The task
Copy the lines below exactly, starting at the one with "高級 V ネック ジャカード" and ending at the one with "18 karátos arany", and leave out any picture.

Source data
◇ ◇ ◇ ◇
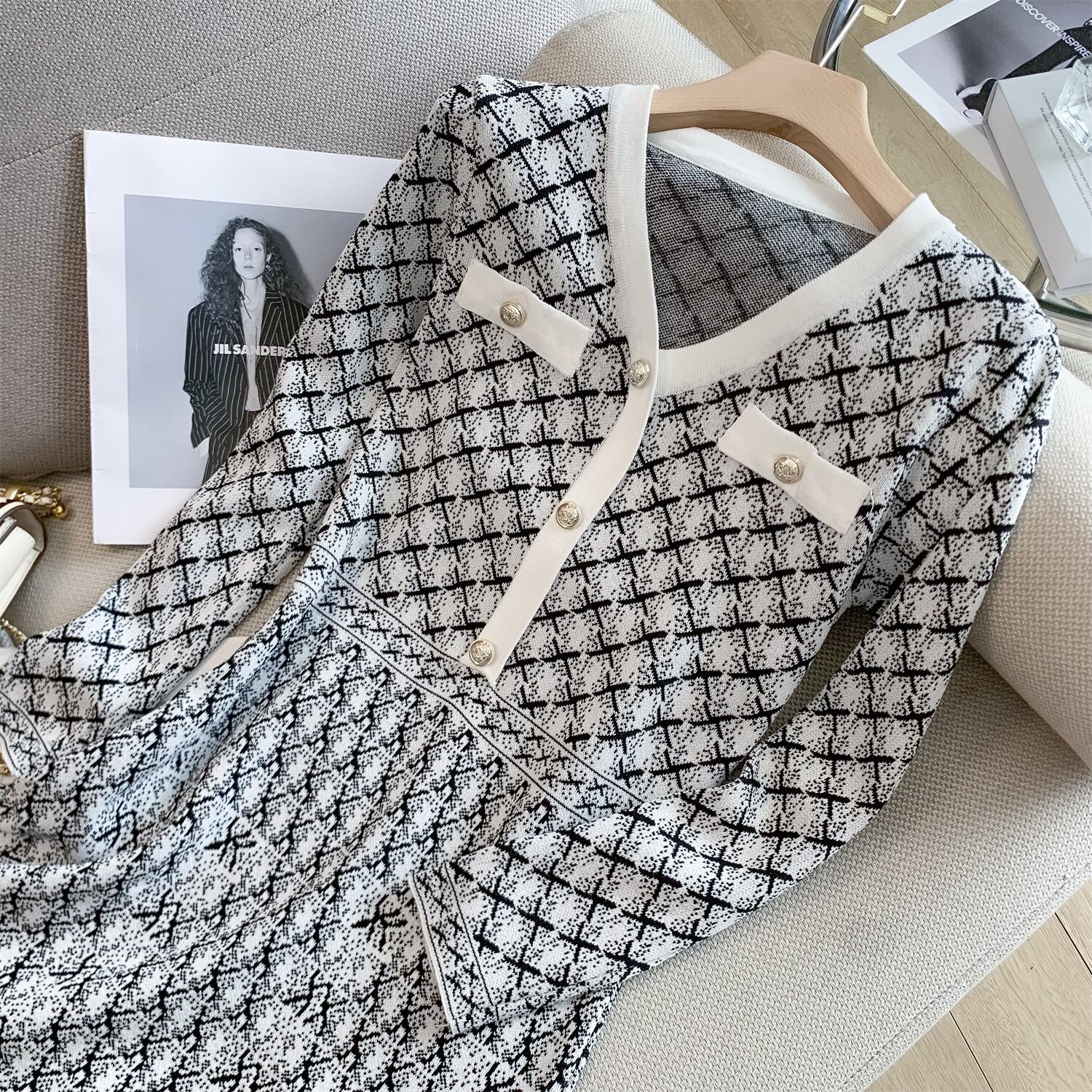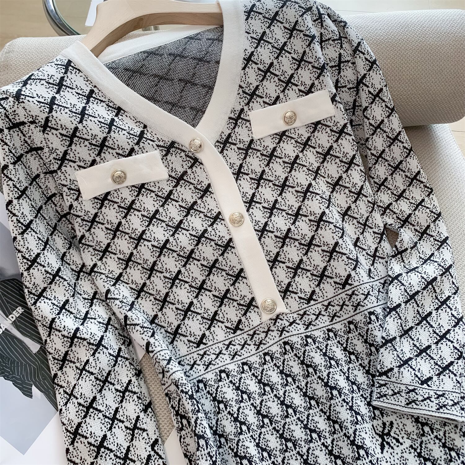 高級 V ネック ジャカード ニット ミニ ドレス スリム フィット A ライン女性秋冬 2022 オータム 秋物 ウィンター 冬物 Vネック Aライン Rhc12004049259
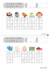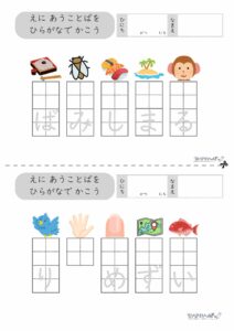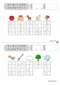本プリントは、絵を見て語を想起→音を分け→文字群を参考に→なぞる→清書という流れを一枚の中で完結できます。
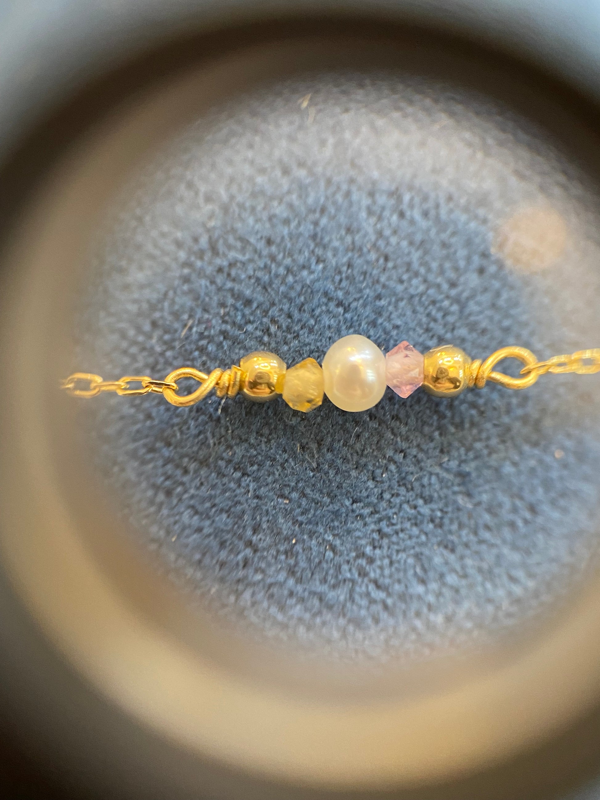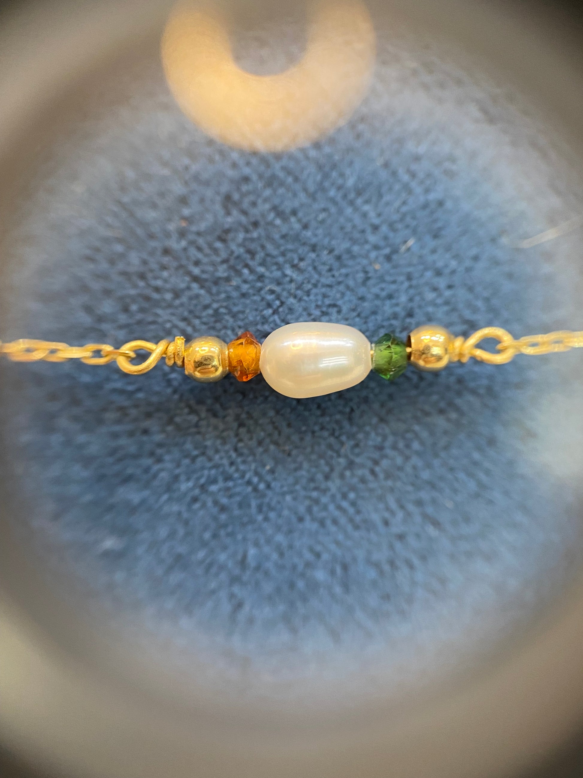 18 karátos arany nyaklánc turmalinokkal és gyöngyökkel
◇ ◇ ◇ ◇
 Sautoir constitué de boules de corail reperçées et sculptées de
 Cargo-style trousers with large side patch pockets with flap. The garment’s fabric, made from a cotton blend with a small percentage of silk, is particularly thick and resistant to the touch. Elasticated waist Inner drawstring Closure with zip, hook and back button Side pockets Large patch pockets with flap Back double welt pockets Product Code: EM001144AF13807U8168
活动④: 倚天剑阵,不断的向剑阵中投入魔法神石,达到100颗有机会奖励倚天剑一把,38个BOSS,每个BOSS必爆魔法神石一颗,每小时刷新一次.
◇ ◇ ◇ ◇
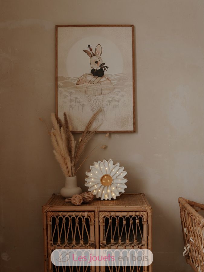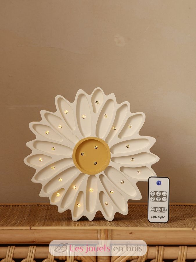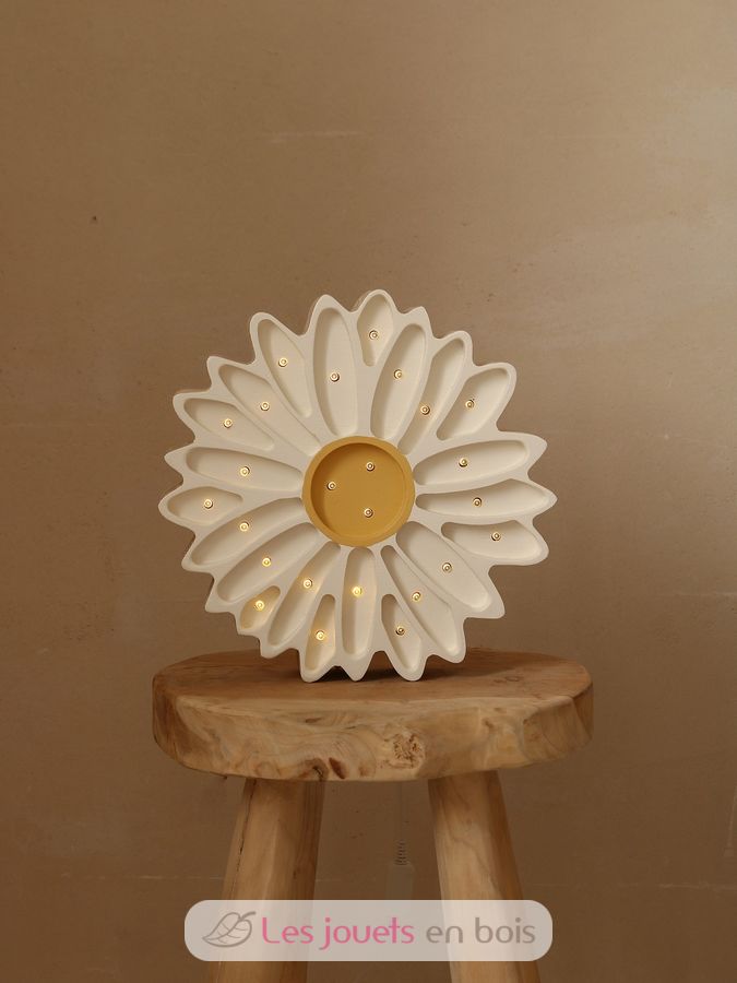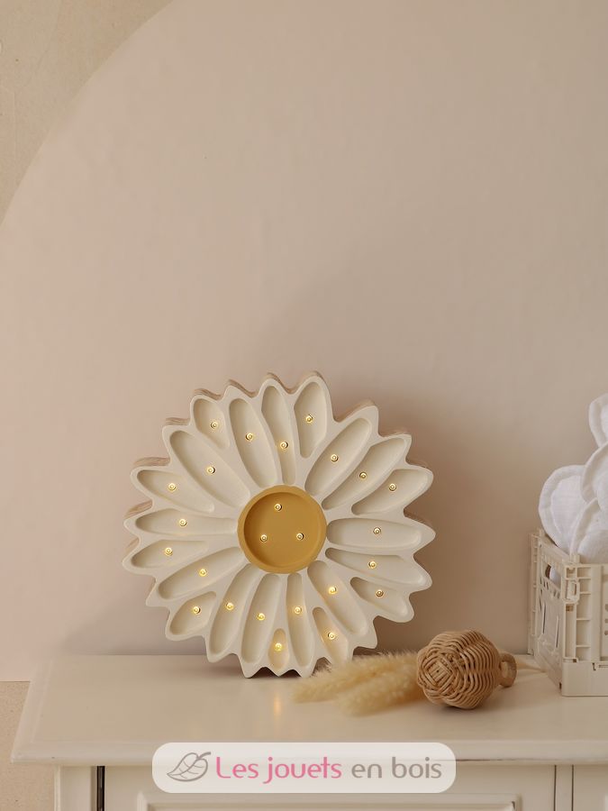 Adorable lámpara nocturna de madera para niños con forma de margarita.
◇ ◇ ◇ ◇
Expected answer
 高級 V ネック ジャカード ニット ミニ ドレス スリム フィット A ライン女性秋冬 2022 オータム 秋物 ウィンター 冬物 Vネック Aライン Rhc12004049259
本プリントは、絵を見て語を想起→音を分け→文字群を参考に→なぞる→清書という流れを一枚の中で完結できます。
 18 karátos arany nyaklánc turmalinokkal és gyöngyökkel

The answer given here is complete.